Főzelék means a "vegetable dish" in Hungarian but it really means soup. Leves is the word for soup but it isn't used in all cases as the previous word broadens the category of what soup in Hungary really is.


Written by Scott Savoie
If you look up főzelék up in a dictionary, the definition reads "vegetable dish,” but to me it’s a kind of soup.
Hungarians bristle when I say this.
"Leves’ is soup,” they say. "’Főzelek’ is somehting else.”
But for me, and my limited capacity of the English language, that’s how I would describe főzelék: It is like a thick soup. Usually it has a vegetables like peas ("borso”), or beans ("bab”) or spinach ("spenót”) and it is then thickened with flour so that it has the consistency of gravy.

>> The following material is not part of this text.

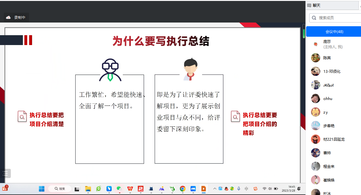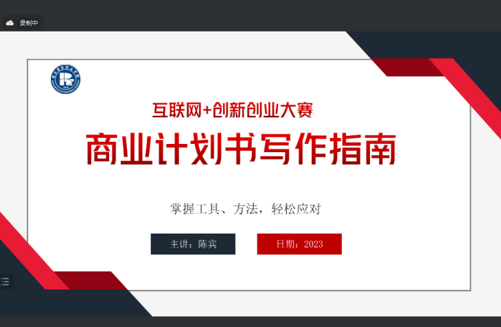 陳老師從用戶洞察、問題描述、機會識別、市場定位、產品服務、商業模式、營銷策略、發展規劃、融資方案、團隊介紹幾個方面重點介紹了商業計劃書的10個結構。通過大量的案例和同學們分享了商業計劃書的撰寫原則。此外,陳老師還根據自己多年經驗,結合案例和同學們分享了路演VCR制作的重要性和細節提示。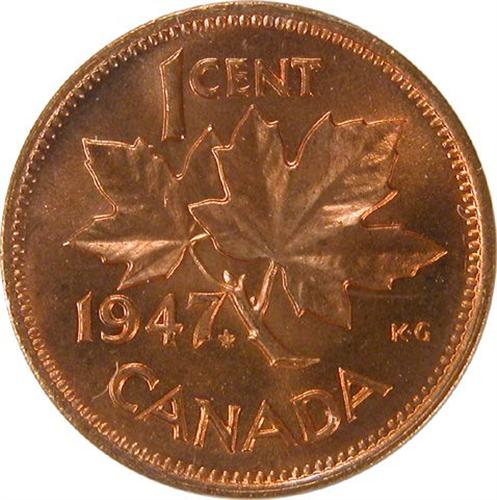 1947 Maple Leaf Pointed 7 ICCS MS-65 Red. Over 90% red

It comes in a bowl, you eat it with a spoon: To me, that’s soup. But it is not. It is something quite different, as any Hungarian will tell you.

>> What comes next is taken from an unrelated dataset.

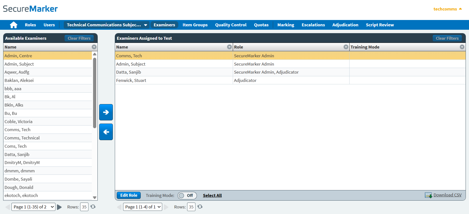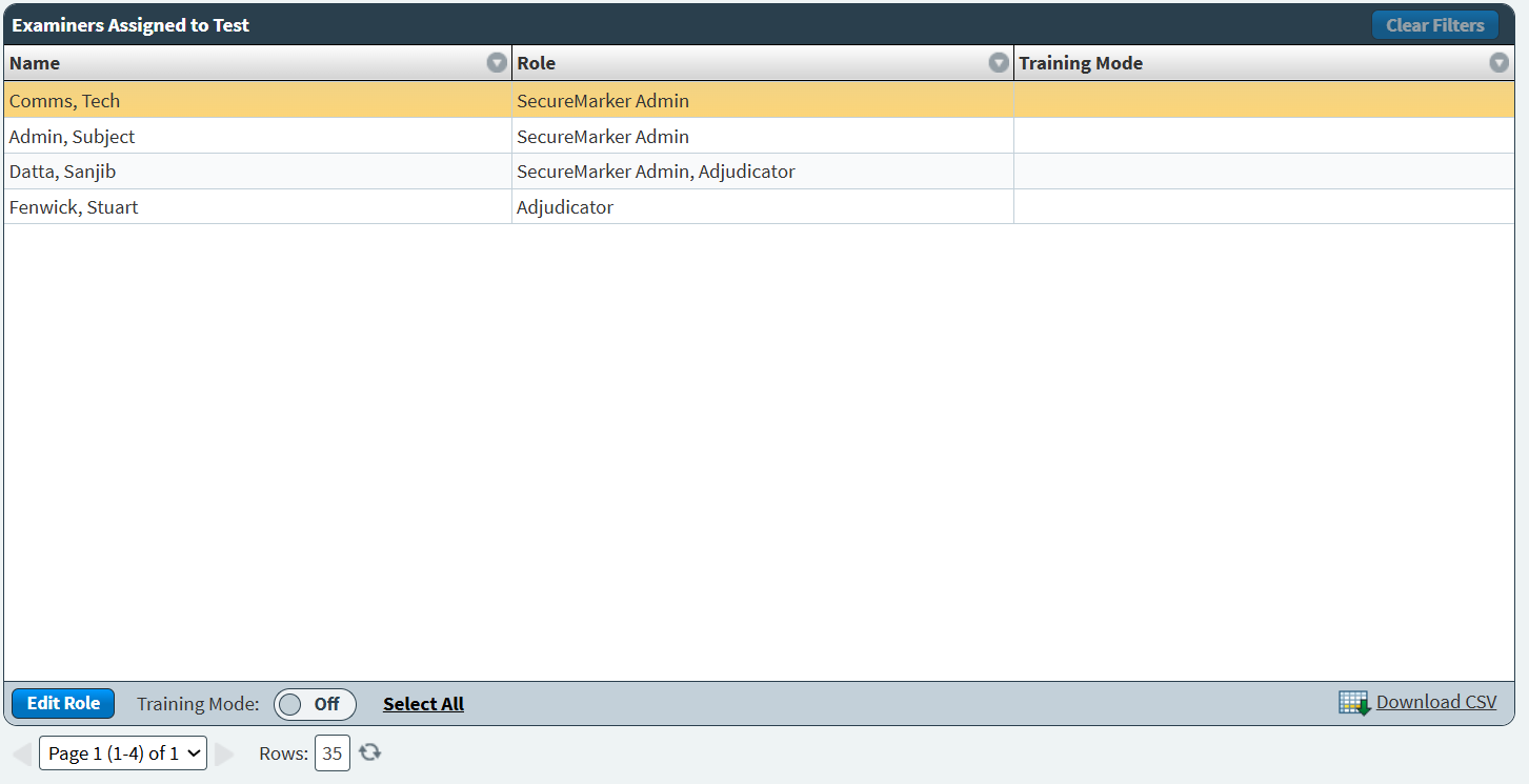 Select Download CSV to download the Examiners Assigned to Test grid data to a spreadsheet.

This is an example in which since there are two words for something, it creates the impression of being two different things.

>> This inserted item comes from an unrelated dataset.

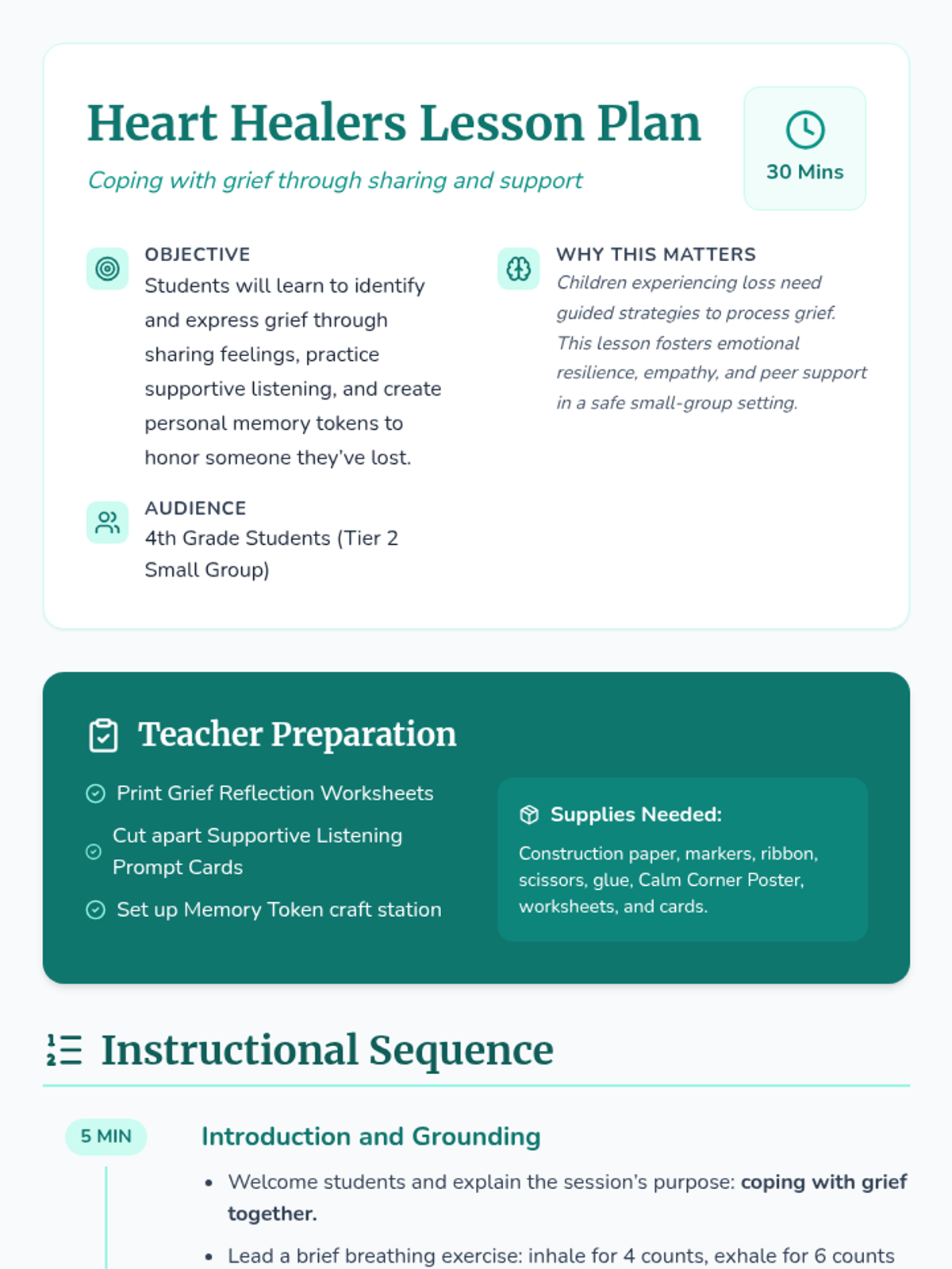 In this 30-minute, small-group lesson, 4th graders learn healthy ways to cope with grief by sharing feelings, practicing supportive listening, and creating personal memory tokens. This Tier 2 session helps students process loss, build empathy, and develop emotional resilience.

Asked for an example in English, the only example I could come up with offhand was "Republican” and "Democratic” politicians. Two different words for the same thing, but most Americans are convinced they are totally different.
They say there are hundreds of words for "snow” in Aleut, because it is so important.
Likewise, there are many expressions for "money” in English.
In Hungary, soup is important, and they have a lot of words to prove it.